You’ve got to give some credit to the movie for making the characters real rednecks, not the pasteurized family-friendly pretty boys of the TV show (and for that matter, the Smokey and the Bandit/CB Radio crap that the TV show was trying to capitalize). The guys in this movie are way under-educated, they don’t shave, they say “sumbitch” and “shit” and “yeehaw” a lot, and they like drivin’ fast and blowin’ shit up just for the hell of it. And credit the movie for taking people that would be pretty gross and scary if you ever met them in real life and making them seem pretty harmless.

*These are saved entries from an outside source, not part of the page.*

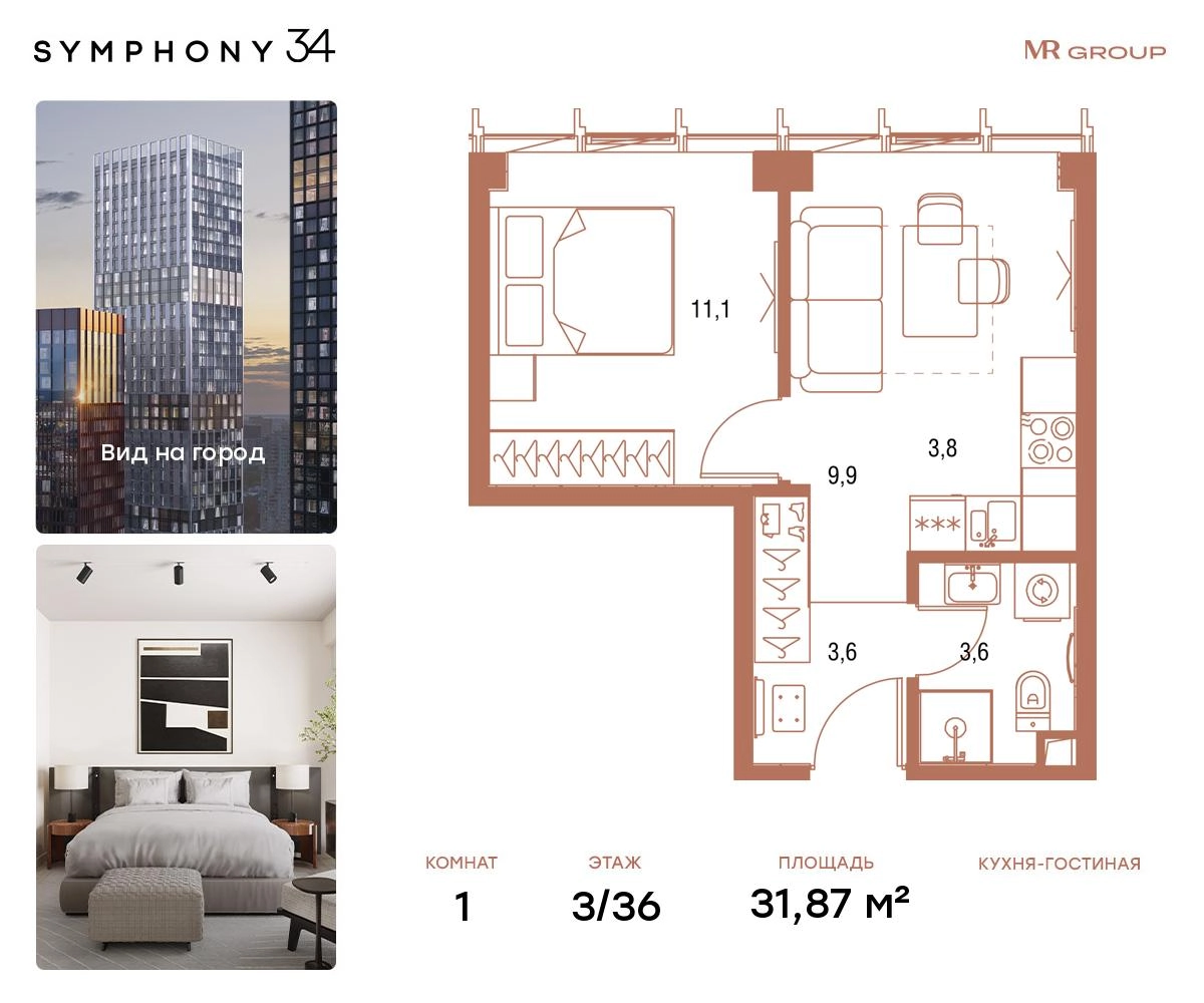 В продаже 1-комнатная квартира площадью 31,8 кв.м. с отделкой MR Ready на 3-м этаже 36 этажного дома.
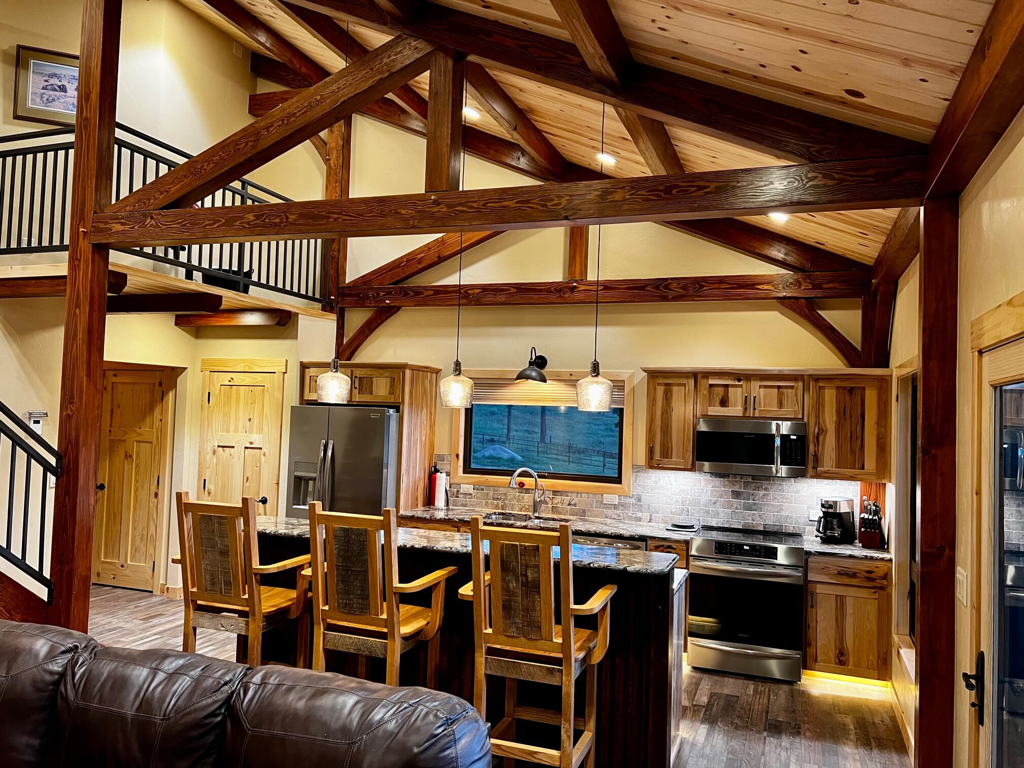 Step inside to experience rustic comforts and modern entertainment amenities. Stay connected with Wi-Fi, relax in the inviting living room on a comfortable sofa couch, and unwind in front of the TV. Plus, enjoy some fun with the arcade game in the cabin.
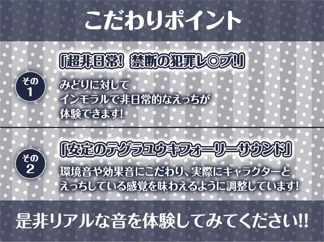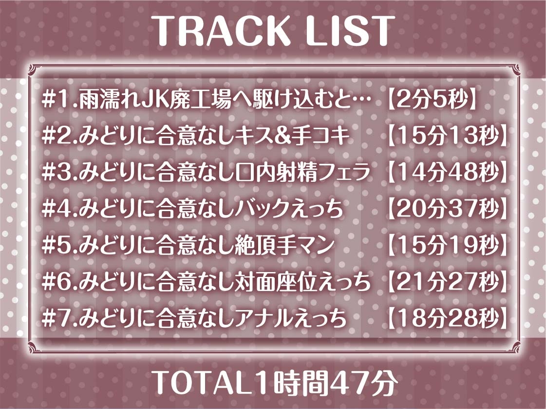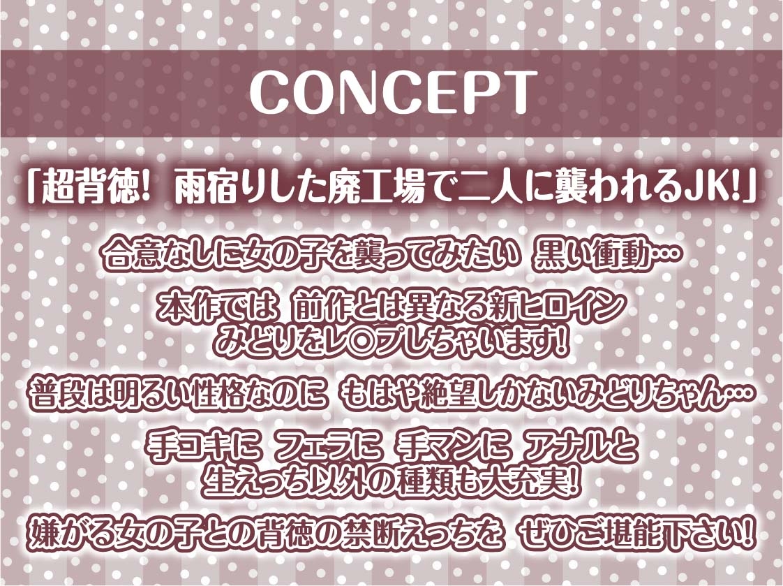 急に雨が降ったので 廃工場へ駆け込んだ JKみどり… するとそこには 二人のおじさんたちが! 雨宿りしているのかと思い 彼女が声をかけると なんと襲われてしまった! キスに手コキに口内射精フェラ! 自分の命を心配して 彼らに従うしかないみどり! 嫌がるもついには バックえっちをしてしまい…
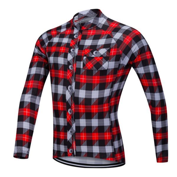 新品 長袖 サイクルジャージ No23 XXLサイズ チェック フルジップ ウェア メンズ ロング サイクリング スポーツ ロードバイク MTB
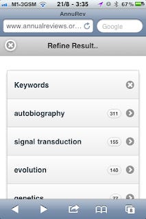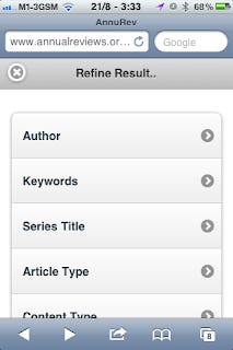 In Annual Reviews app, there is a refine button at the bottom right, clicking on it allows you to refine by many facets anything from keywords to Article Type, you even get to see the number under each facet. This is probably the most advanced implementation I have seen thus far. I hope more mobile databases will have this feature since searching is harder than browsing on mobile given the awkwardness of typing.

I read an interview with jessica Simpson where she was concerned about her performance and worried if she could pull it off; I don’t know where the hell that came from. She’s awful in it as an actress, but she’s not really there for her acting. And so that works — she’s astoundingly hot. Impossibly so — she crosses that line of “so hot she doesn’t seem real,” like Catherine Zeta-Jones, and then comes back around to just being hot again.

As for the guys, Stiffler as Bo is pretty much redneck Stiffler with a chia beard and his weird Neanderthal grin the whole time. Johnny Knoxville I hate to say anything about, because it’d just be saying the same thing as all those reviews and interviews that always get written about him. He’s just got charisma, there’s no other way to put it. You may not want to like him, but you do. He doesn’t hog the camera and grab for attention, he doesn’t play it too earnest or too goofy, he never seems like he’s outside the movie making fun of it — no matter what happens, he’s right in the thick of it, and he makes it seem tolerable. Whether it’s blowing stuff up with flaming arrows, being dragged around the back of a truck, making fun of blacks and Japanese people and gay guys, or listening to Willie Nelson tell stupid jokes.

Nobody else really works so well. Because of the director whose name I can’t spell and it’s not worth looking up, you get lots of Broken Lizard alumni, and a fair amount of pot-smoking. Willie Nelson had some influence on that too, I’m sure. They did stunt casting for a lot of the parts, but the biggest side parts like Roscoe and the creepy guy “Sheev” were given to Broken Lizard guys, who just aren’t memorable. And the director also drives home that this is supposed to be a movie by guys for guys — they’re going for the Spike TV audience big time.

Other things you’ve got to give it credit for: actually setting it in Georgia, acknowledging that Atlanta and rural GA might as well be two separate countries (although I don’t know why they went all the way to Atlanta for a university when they could’ve just driven to Athens), acknowledging that the Confederate flag on the top of the General Lee can be offensive to both blacks and whites without making too big a show of it, good use of narration (although of course without Waylon Jennings, sadly), and casting Joe Don Baker. Other stuff that doesn’t work: Lynda Carter, Willie Nelson, Burt Reynolds who just comes off as creepy and slimy but not in the endearing way you’re supposed to feel about Boss Hogg, and casting Joe Don Baker.

And it just occurred to me that I put more effort into writing about this movie than they probably spent writing the movie itself. It’s not even as if I’ve got much nostalgia for GA or the Dukes of Hazzard anymore.

2 thoughts on “Beats All You Ever Saw”

  1. Having never watched a single episode of “Dukes of Hazzard”–EVER!–I wonder what it will be like to see the movie without that point of reference. I’m tempted to see it just to answer that question.

  2. I watched too many episodes of this show as a kid…I must admit! I put it in the same class as the Gil Gerard “Buck Rogers” series: how Jeff spent his evenings in 1980.